The war was on the mind of Rabbi Brad Levenberg, senior rabbi at Temple Sinai and president of the Atlanta Rabbinical Association, as he addressed the March 3 closing night audience at the Atlanta Jewish Film Festival.

“Many of us arrived with the Middle East on our minds, and not just because the holiday of Purim is ending with the setting of the sun, but because of the active military conflict involving Israel, the United States, and Iran. There is fear for loved ones, worry for soldiers, anguish for civilians, and a lingering uncertainty about what tomorrow will bring. Even tonight, as we assemble in celebration, that weight does not simply disappear at the door,” Levenberg said.

Georgia Democratic U.S. Sen. Jon Ossoff, who is Jewish, spoke about the war on March 2 outside the state capitol in Atlanta after qualifying for re-election.

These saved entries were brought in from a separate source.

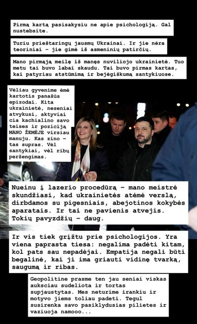 Naujienų portalas tv3.lt primena, kad D. Barkutė Instagramo istorijoje pateikė savo poziciją apie Ukrainą ir šios šalies prezidento žmonos išvaizdą.
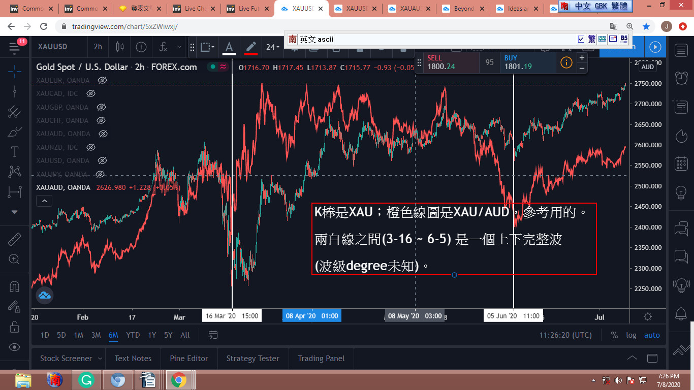 K棒是XAU;橙色線圖是XAU/AUD,參考用的。
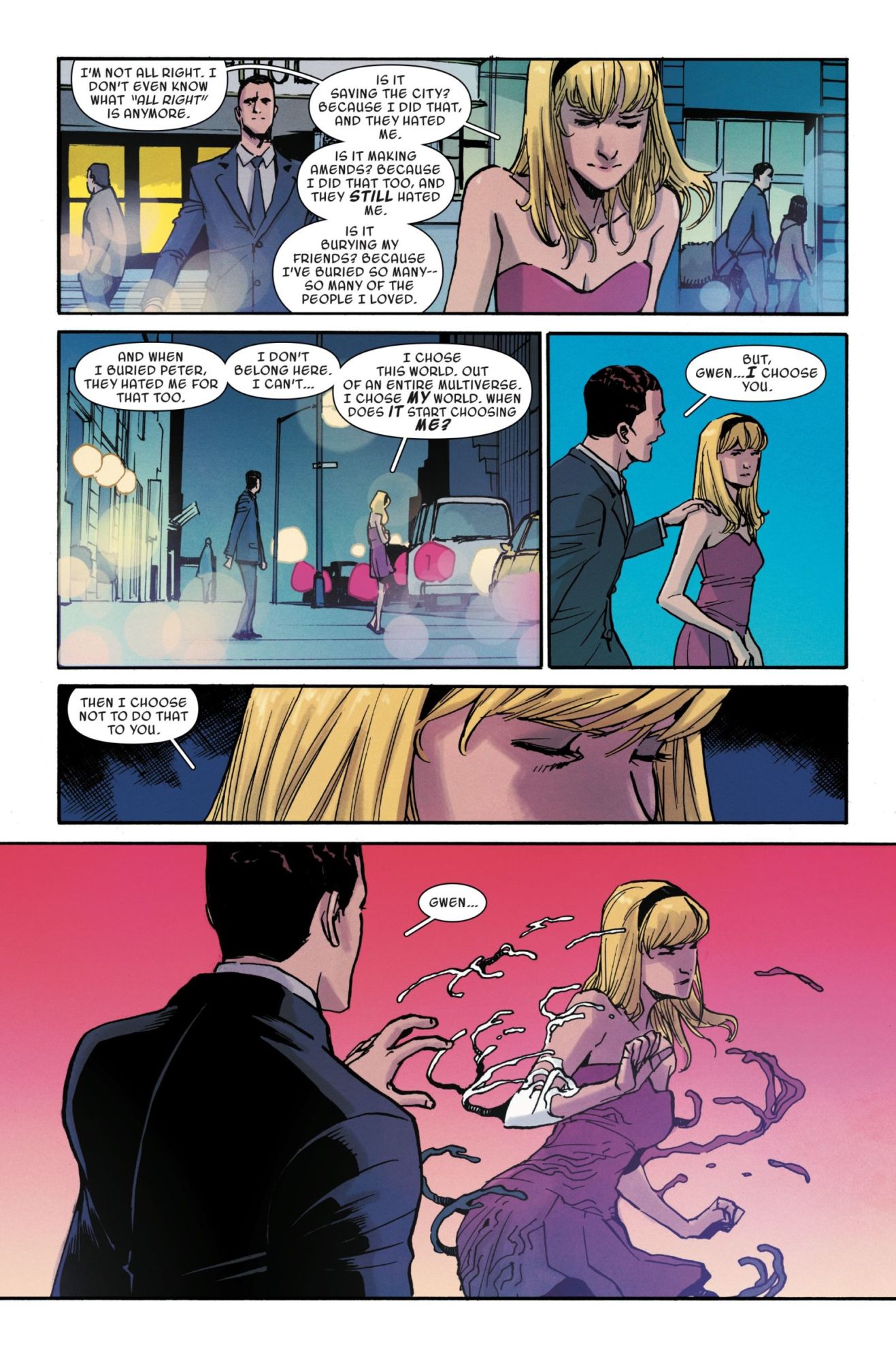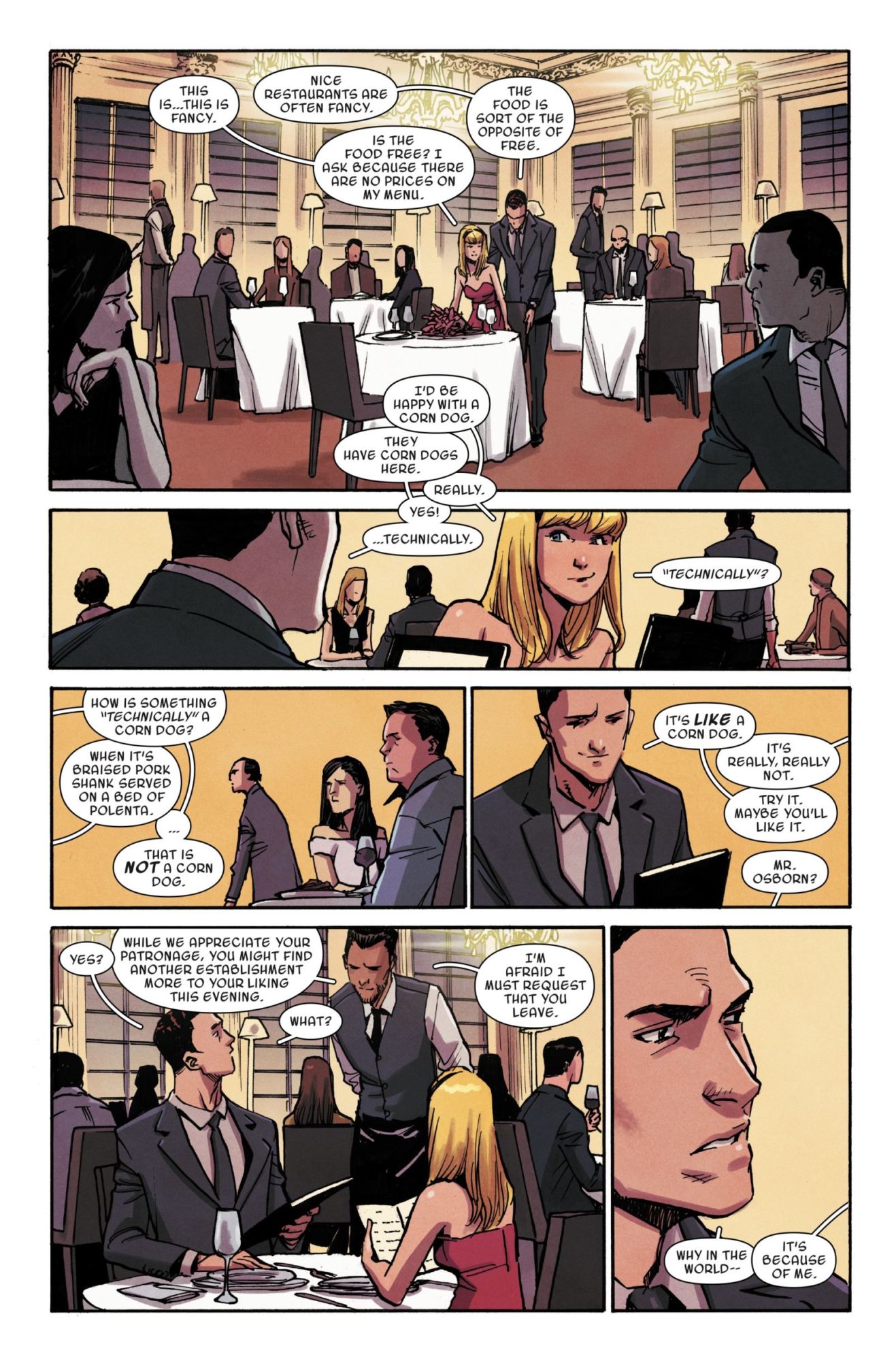 In next week's Spider-Gwen: Ghost Spider #7, Gwen has a date! With Harry Osborn! And they're going to a fancy restaurant, even if it, it seems, Gwen would prefer to just grab a corn dog . Watch the romance unfold in this excerpt of the preview below…
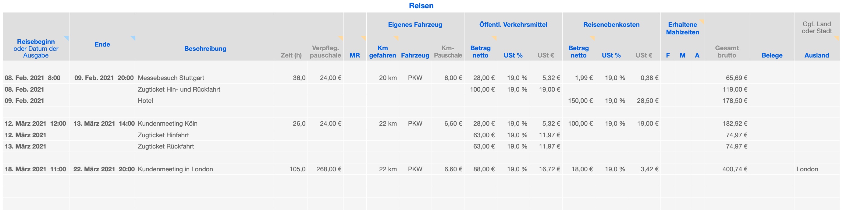 • Automatische Berechnung der Reisedauer, Fahrtkosten und Verpflegungspauschale
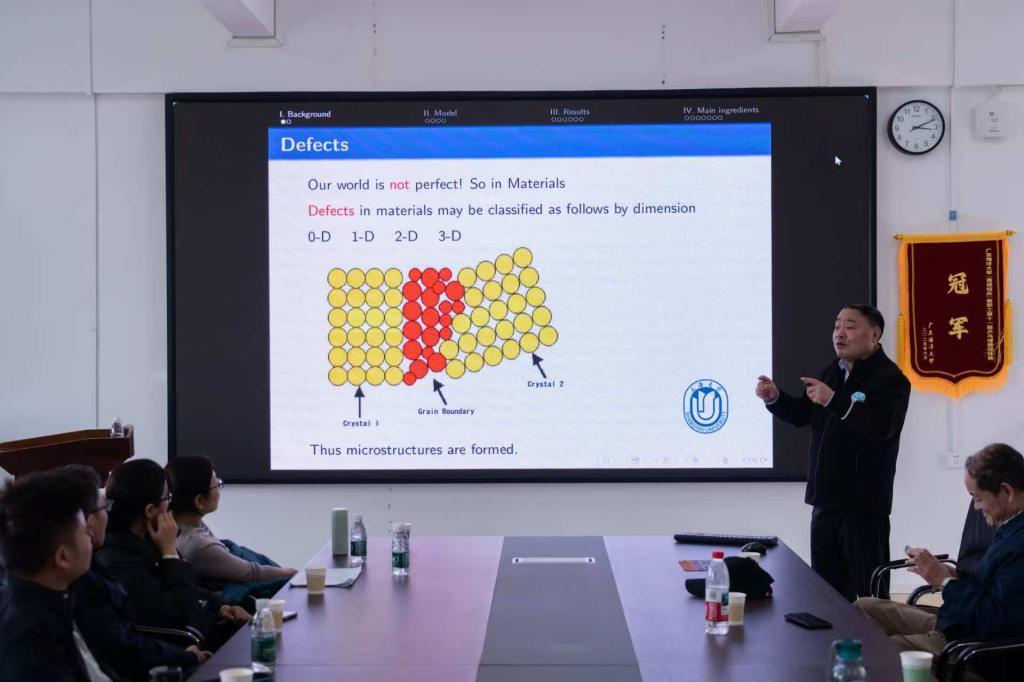 朱佩成教授围绕多晶材料中晶界演化的连续模型展开,重点介绍了其团队提出的新型连续介质模型及其数学合理性分析。报告从物理背景入手,解释晶粒结构演化中的典型现象与主要影响因素,进而引入带有非局部项的偏微分方程模型,分析该模型与传统晶界动力学模型之间的联系与差异。朱教授还结合具体算例,展示了模型在刻画晶界形态演化、反映细观结构特征等方面的效果,指出此类问题在材料科学与应用数学交叉研究中的重要意义。
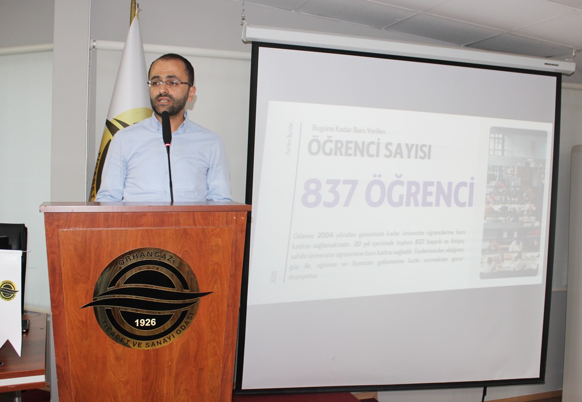 Yönetim Kurulu Başkan Yardımcımız Enes Gören sunumunda, oda tarafından başarılı ve ihtiyaç sahibi öğrencilere verilen öğrenci bursları hakkında bilgilendirmelerde bulundu. 2004 yılından bugüne kadar 837 öğrenciye burs verilirken, 2025-2026 Eğitim-Öğretim dönemiyle bu rakamın 900’ün üstüne çıkması bekleniyor.

“We’re here today in war time and so, on behalf of all Georgians, I express our grief at the news Americans have been killed and our deep sympathy for the spouses and children and loved ones of those who have made the ultimate sacrifice for our country. And with immense gratitude for all who serve, we pray for the survival and recovery of the wounded and for the safety and success of American service members engaged in combat,” he said. “Our commander-in-chief has no more somber responsibility than the stewardship of their lives. Sending Americans into combat should be a last resort in the pursuit of vital national interests.”

Ossoff repeated criticism of the decision of President Donald Trump to strike Iran.

“Eight months ago, President Trump lied to the country when he falsely claimed to have ‘obliterated’ Iran’s nuclear program. Now he says he’s taken the United States to war for regime change, without evidence of imminent threat, without having exhausted diplomacy, without clear objectives or a plan for the aftermath, and without the consent of Congress,” Ossoff said.

“The American people overwhelmingly oppose another open-ended regime change war in the Middle East. And the president owes Americans a real explanation for his decision to take this nation to war. Two a.m. posts on Truth Social are just not good enough when you’re sending Americans into combat,” he said.

Ossoff supported a failed War Powers Resolution that would have limited Trump’s ability to order military action without congressional approval. On March 4, the Senate rejected the resolution by a vote of 47 in favor and 53 opposed.

In a March 1 statement, the Jewish Federation of Greater Atlanta said the agency “prays for the success of the joint United States and Israeli actions in Iran and the safety of the brave fighters of the United States Armed Forces and the Israel Defense Forces carrying them out. We are closely monitoring events on the ground and communicating with our colleagues and partners in Israel.”

The lone Jewish member of the Georgia General Assembly, Democratic state Rep. Esther Panitch, posted Feb. 28 on the social media platform “X” a picture of two lions, one draped in an Israeli flag and the other with the Iranian “Lion and Sun” flag, which depicts a lion holding a sword. That emblem was replaced after the 1979 Islamic revolution that deposed the Pahlavi dynasty.

Above that image, Panitch wrote: “My prayers are with every American service member and IDF soldier standing together against the murderous IRGC. May God protect them and bring them home safely to their families. We also pray for the Iranian people, who deserve freedom from the regime that oppresses them. God Bless America. Am Yisrael Chai.

On the business front, Delta Air Lines canceled flights to Tel Aviv from JFK International Airport in New York through March 8 and from Ben Gurion Airport near Tel Aviv to JFK through March 9.